» **Dataset section**:
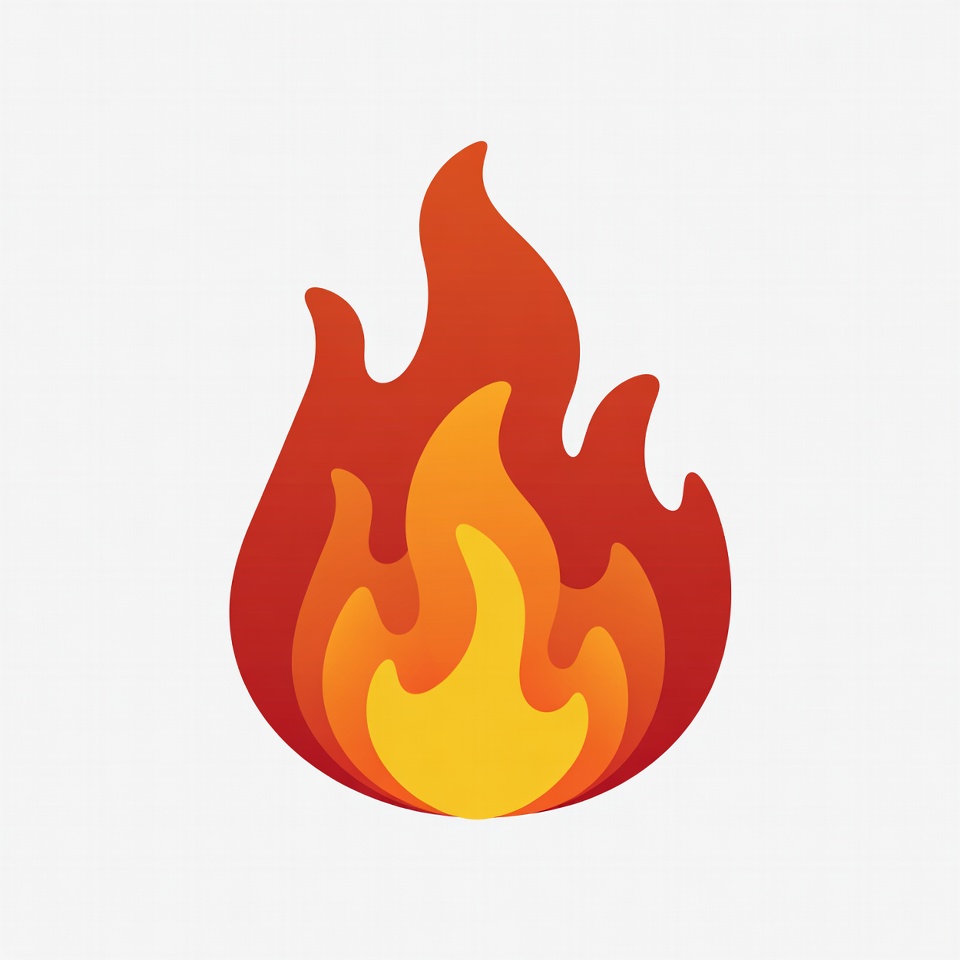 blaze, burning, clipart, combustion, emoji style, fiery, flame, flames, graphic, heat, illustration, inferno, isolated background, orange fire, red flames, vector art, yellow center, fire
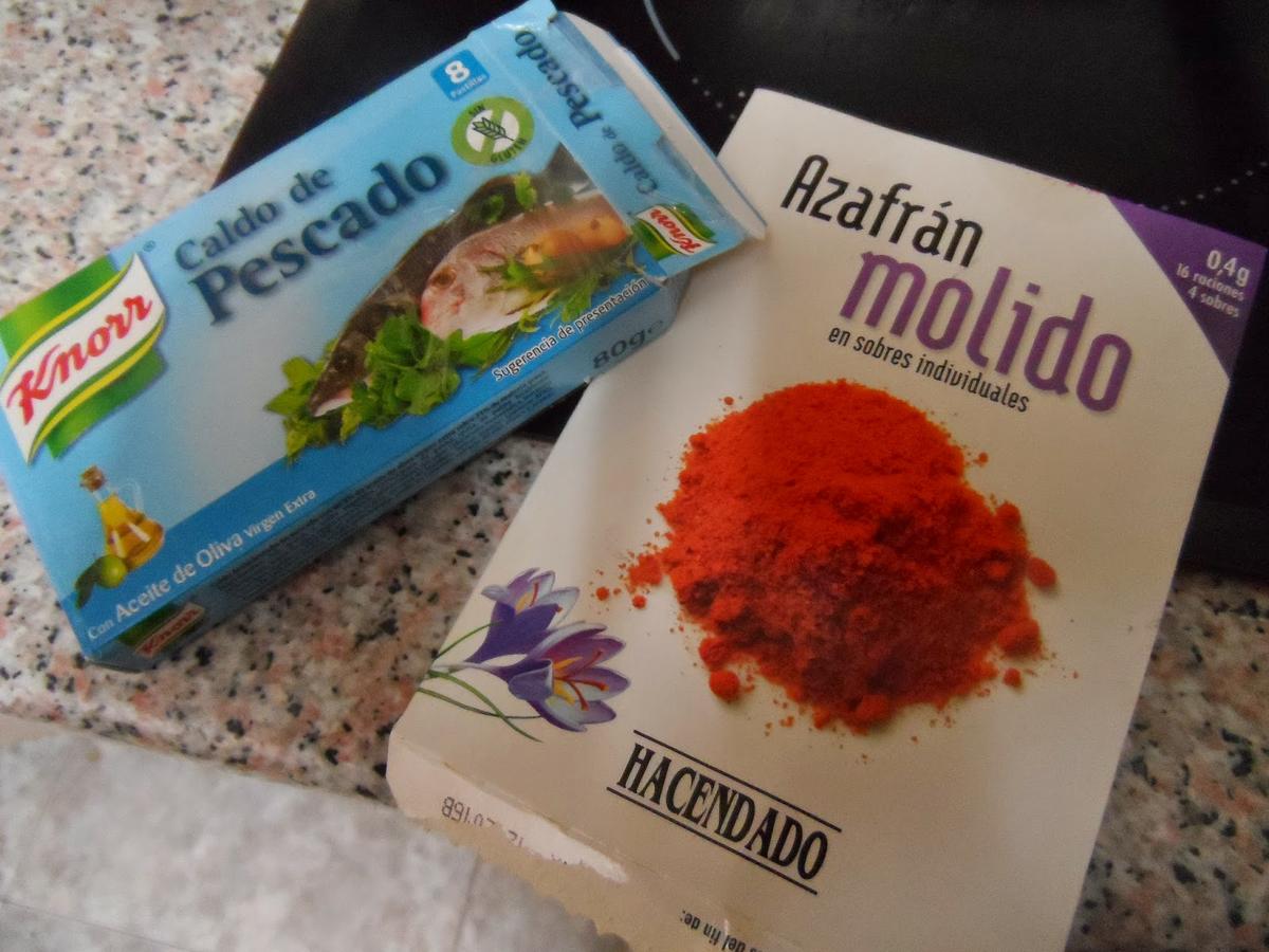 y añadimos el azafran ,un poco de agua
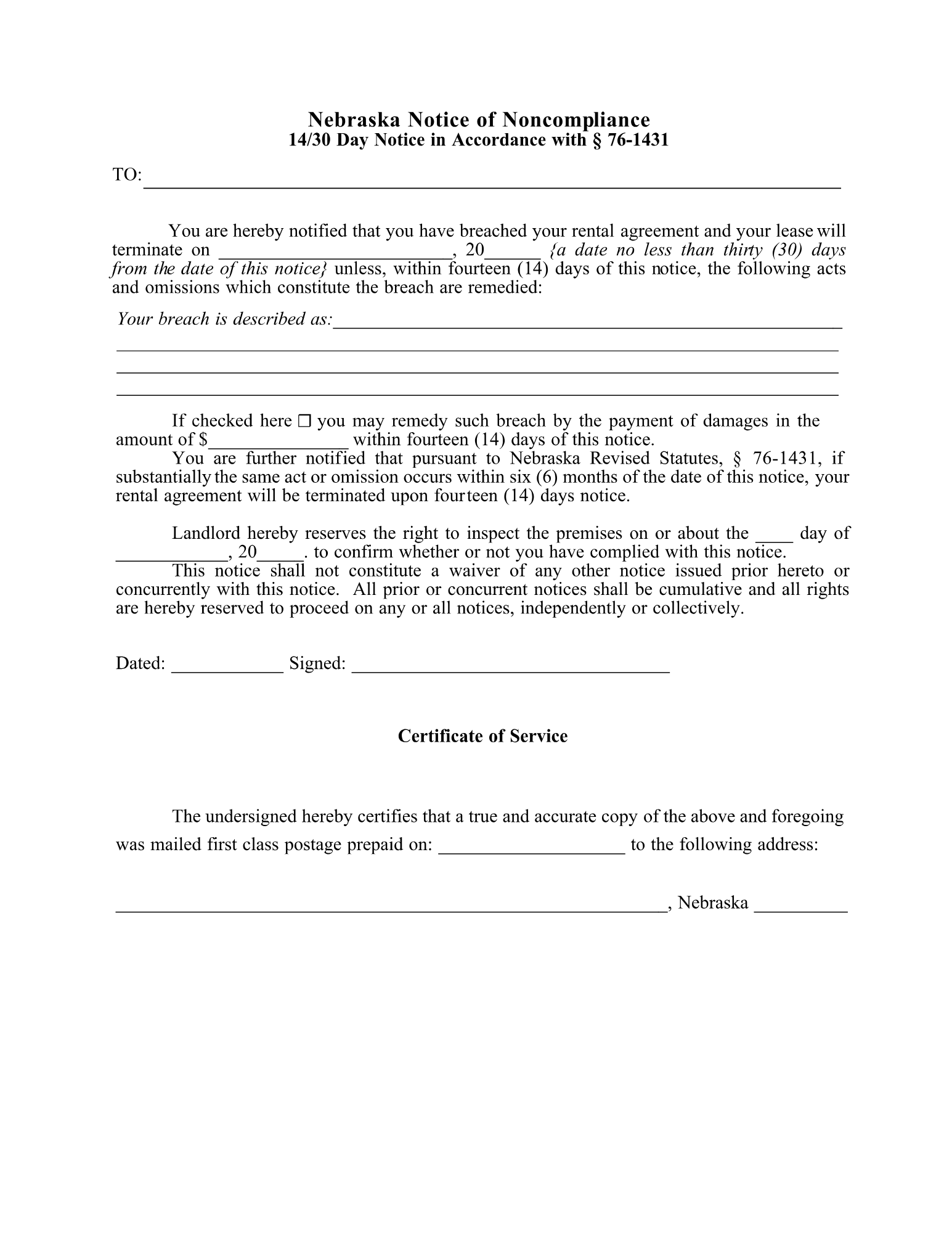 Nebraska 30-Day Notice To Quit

» **Requirement**:
Give the data again word for word, without pictures.

» **Answer box**:
 blaze, burning, clipart, combustion, emoji style, fiery, flame, flames, graphic, heat, illustration, inferno, isolated background, orange fire, red flames, vector art, yellow center, fire
 y añadimos el azafran ,un poco de agua
 Nebraska 30-Day Notice To Quit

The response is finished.